**Supplied entries**:

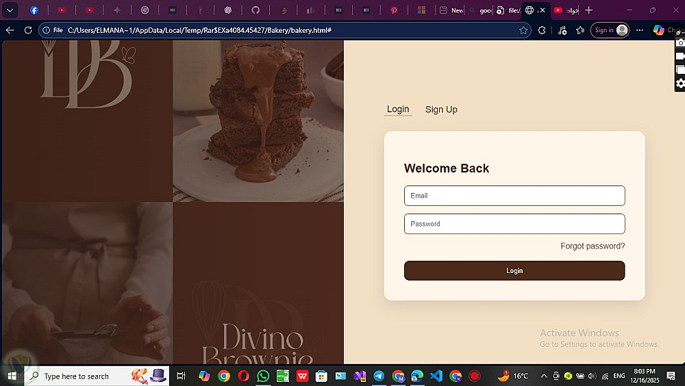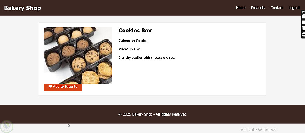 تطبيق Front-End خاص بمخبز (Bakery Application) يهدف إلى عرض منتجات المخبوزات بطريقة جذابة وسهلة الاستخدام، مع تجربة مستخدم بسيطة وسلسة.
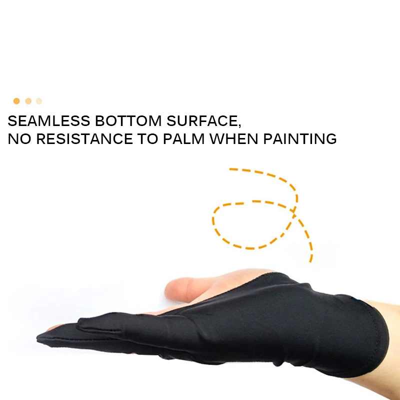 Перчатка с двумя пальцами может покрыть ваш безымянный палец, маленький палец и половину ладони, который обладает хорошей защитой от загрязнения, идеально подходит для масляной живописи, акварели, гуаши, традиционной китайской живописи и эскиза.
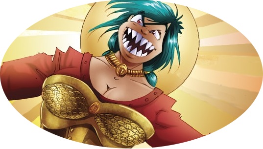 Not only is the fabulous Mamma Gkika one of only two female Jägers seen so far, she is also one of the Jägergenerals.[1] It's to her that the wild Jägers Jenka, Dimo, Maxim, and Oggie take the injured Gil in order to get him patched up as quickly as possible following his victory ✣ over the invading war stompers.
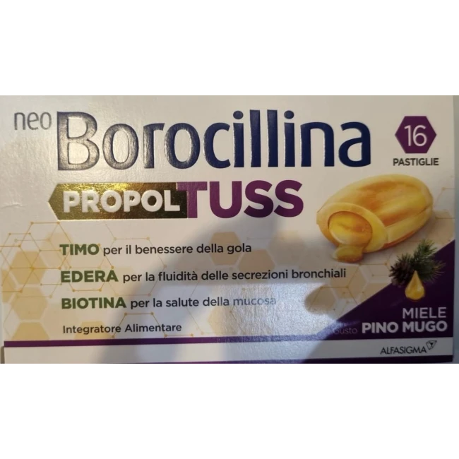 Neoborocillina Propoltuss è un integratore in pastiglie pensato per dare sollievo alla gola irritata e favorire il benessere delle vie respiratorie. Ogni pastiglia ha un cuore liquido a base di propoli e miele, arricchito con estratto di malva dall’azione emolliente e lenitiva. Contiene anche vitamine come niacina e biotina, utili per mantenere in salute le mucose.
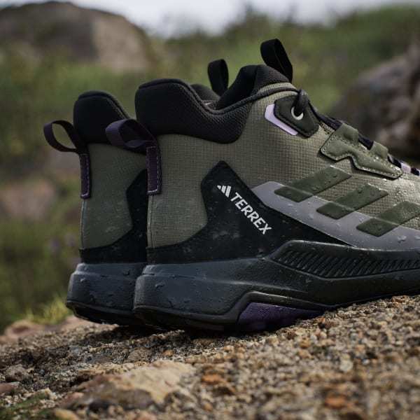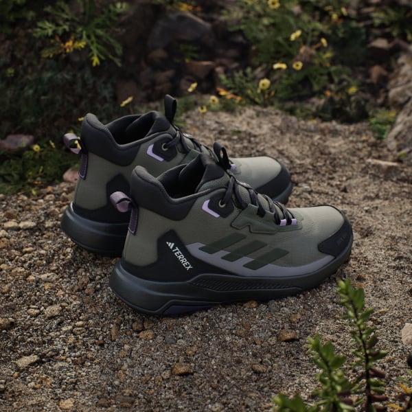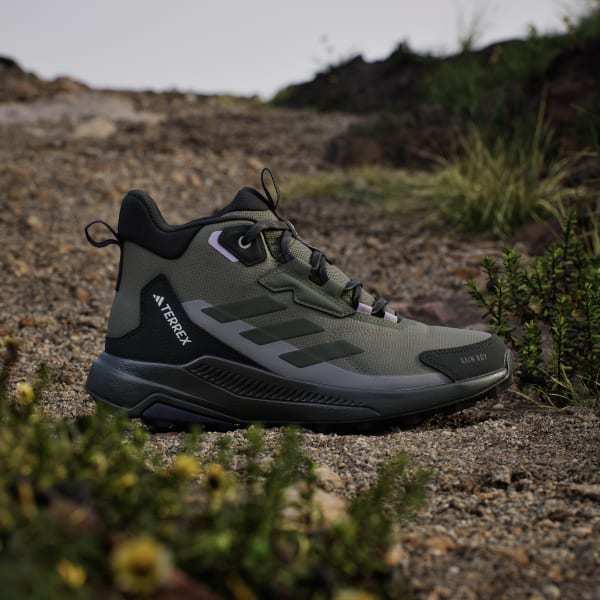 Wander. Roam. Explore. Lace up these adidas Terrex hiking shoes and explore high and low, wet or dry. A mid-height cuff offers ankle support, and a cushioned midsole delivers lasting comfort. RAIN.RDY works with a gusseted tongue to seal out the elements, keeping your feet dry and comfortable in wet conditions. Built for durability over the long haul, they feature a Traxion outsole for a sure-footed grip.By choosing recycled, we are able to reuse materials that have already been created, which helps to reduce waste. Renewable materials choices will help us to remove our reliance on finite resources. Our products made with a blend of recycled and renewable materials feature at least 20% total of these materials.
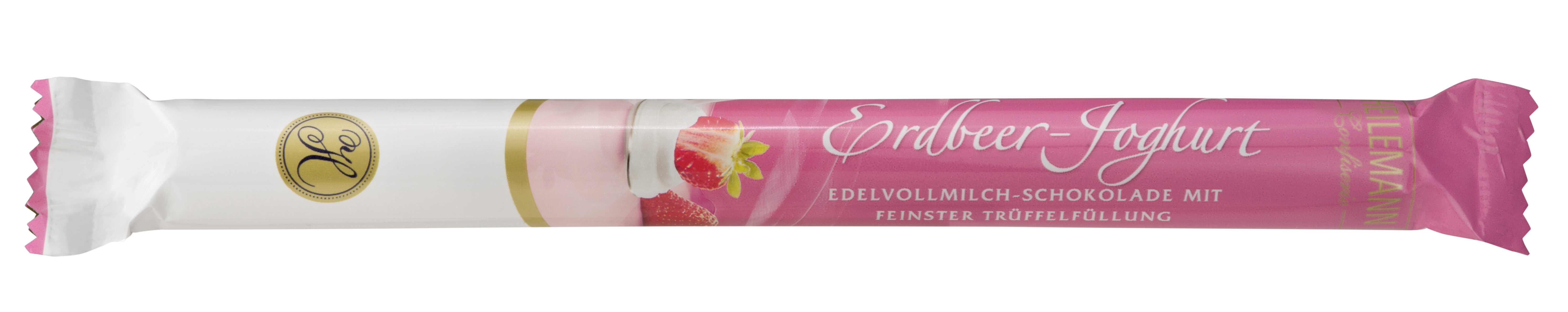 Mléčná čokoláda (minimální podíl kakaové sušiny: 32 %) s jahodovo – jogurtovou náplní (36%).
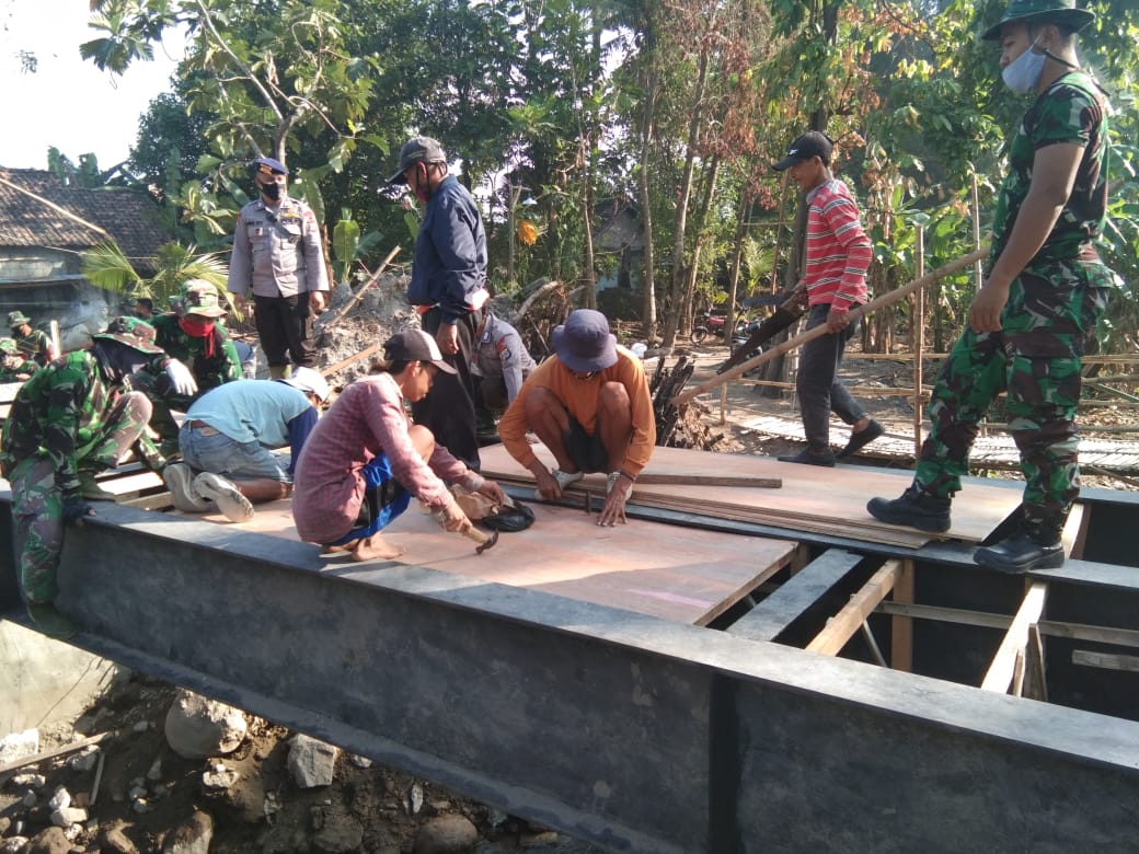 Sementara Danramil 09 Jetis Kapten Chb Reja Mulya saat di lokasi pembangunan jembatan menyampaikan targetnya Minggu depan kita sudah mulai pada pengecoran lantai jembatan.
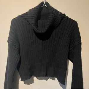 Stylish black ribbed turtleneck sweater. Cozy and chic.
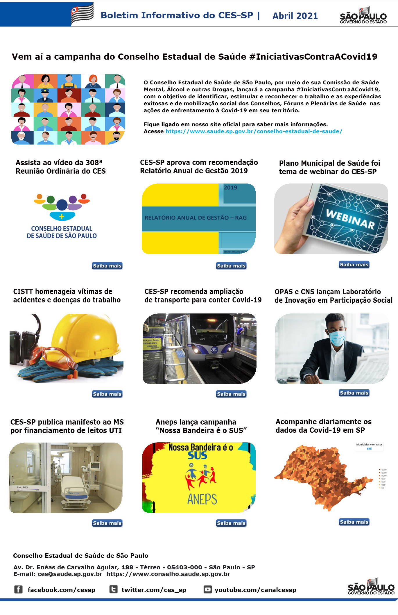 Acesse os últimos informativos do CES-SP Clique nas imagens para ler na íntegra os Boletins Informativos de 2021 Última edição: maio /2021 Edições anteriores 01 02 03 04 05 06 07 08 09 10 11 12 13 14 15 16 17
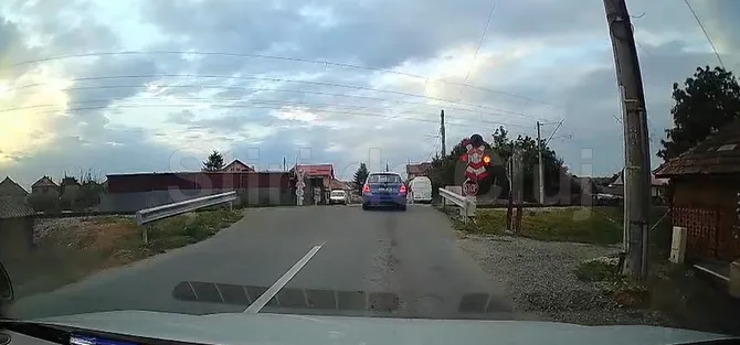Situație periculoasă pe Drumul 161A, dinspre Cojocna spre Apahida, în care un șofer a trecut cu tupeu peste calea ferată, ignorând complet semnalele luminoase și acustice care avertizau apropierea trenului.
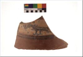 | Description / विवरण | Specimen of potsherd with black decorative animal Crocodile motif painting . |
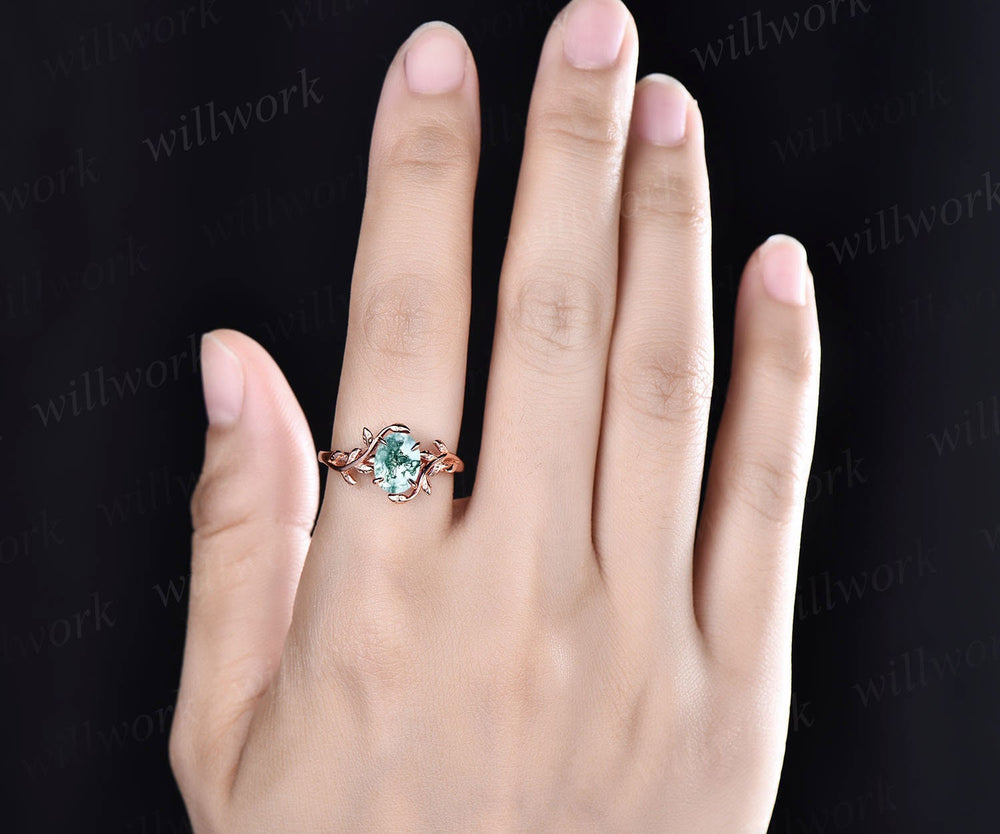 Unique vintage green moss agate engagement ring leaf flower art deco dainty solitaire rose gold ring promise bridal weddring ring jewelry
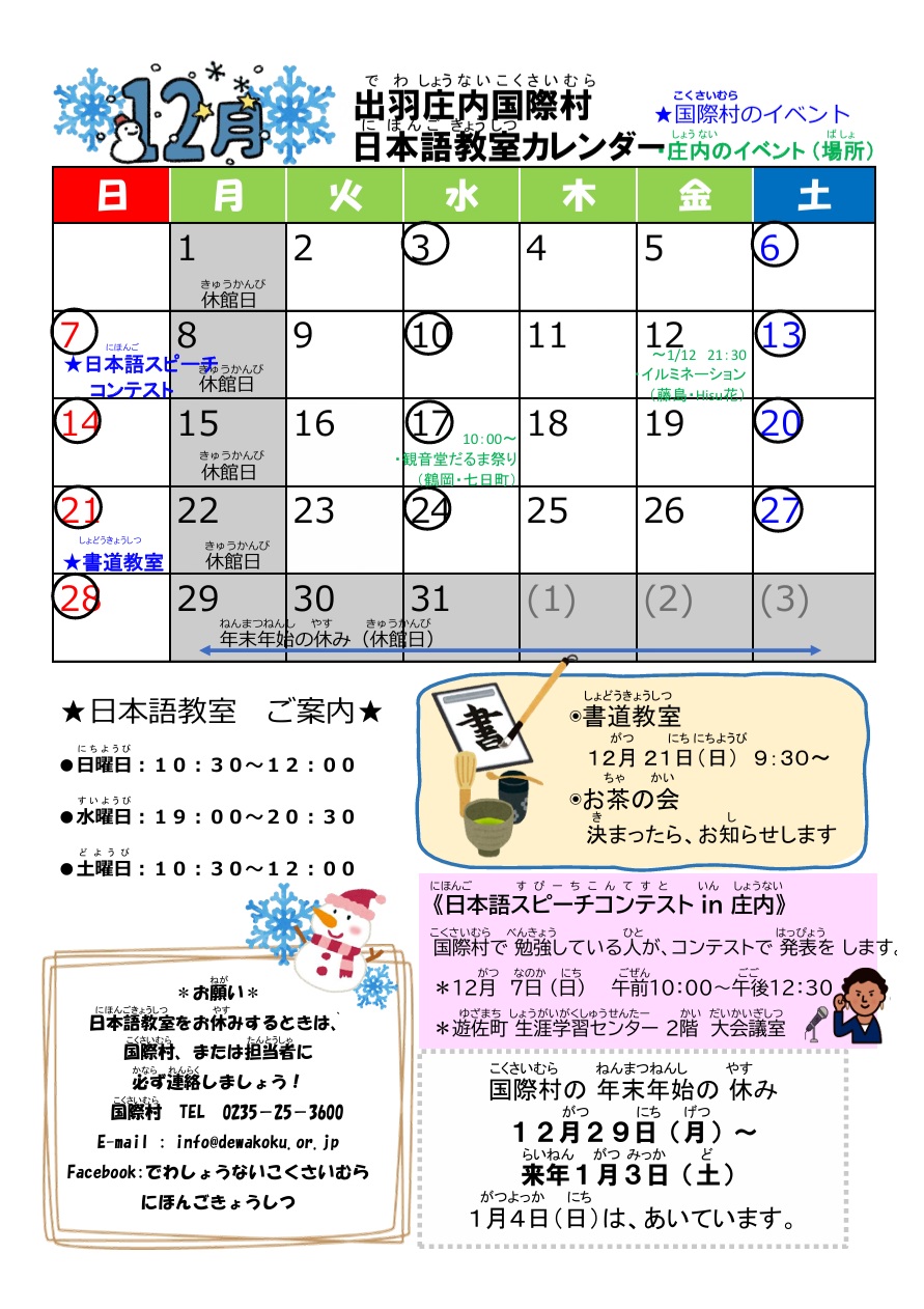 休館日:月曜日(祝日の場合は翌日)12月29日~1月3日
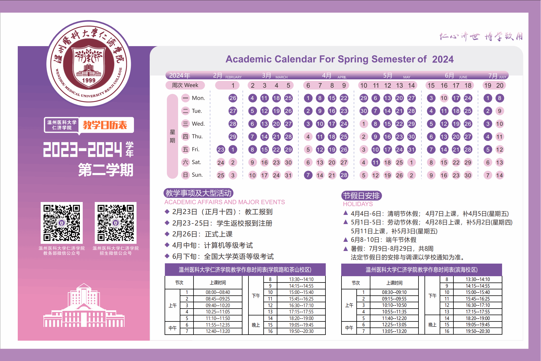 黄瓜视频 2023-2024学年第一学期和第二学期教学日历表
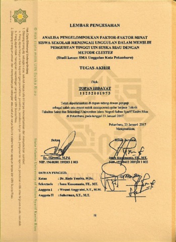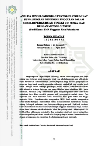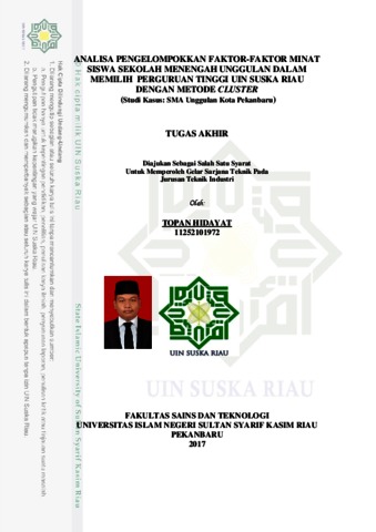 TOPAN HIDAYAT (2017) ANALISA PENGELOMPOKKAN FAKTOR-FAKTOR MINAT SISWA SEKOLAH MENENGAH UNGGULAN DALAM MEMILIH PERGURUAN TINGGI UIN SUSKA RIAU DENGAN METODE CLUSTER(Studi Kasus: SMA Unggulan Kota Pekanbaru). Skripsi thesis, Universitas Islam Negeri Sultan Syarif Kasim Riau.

**Problem to solve**: Without any pictures, restate word for word only the lines from the one with "休館日:月曜日(祝日の場合は翌日)12月29日~1月3日" through the end of the listing.

**Solution to this exercise**:
 休館日:月曜日(祝日の場合は翌日)12月29日~1月3日
 黄瓜视频 2023-2024学年第一学期和第二学期教学日历表
 TOPAN HIDAYAT (2017) ANALISA PENGELOMPOKKAN FAKTOR-FAKTOR MINAT SISWA SEKOLAH MENENGAH UNGGULAN DALAM MEMILIH PERGURUAN TINGGI UIN SUSKA RIAU DENGAN METODE CLUSTER(Studi Kasus: SMA Unggulan Kota Pekanbaru). Skripsi thesis, Universitas Islam Negeri Sultan Syarif Kasim Riau.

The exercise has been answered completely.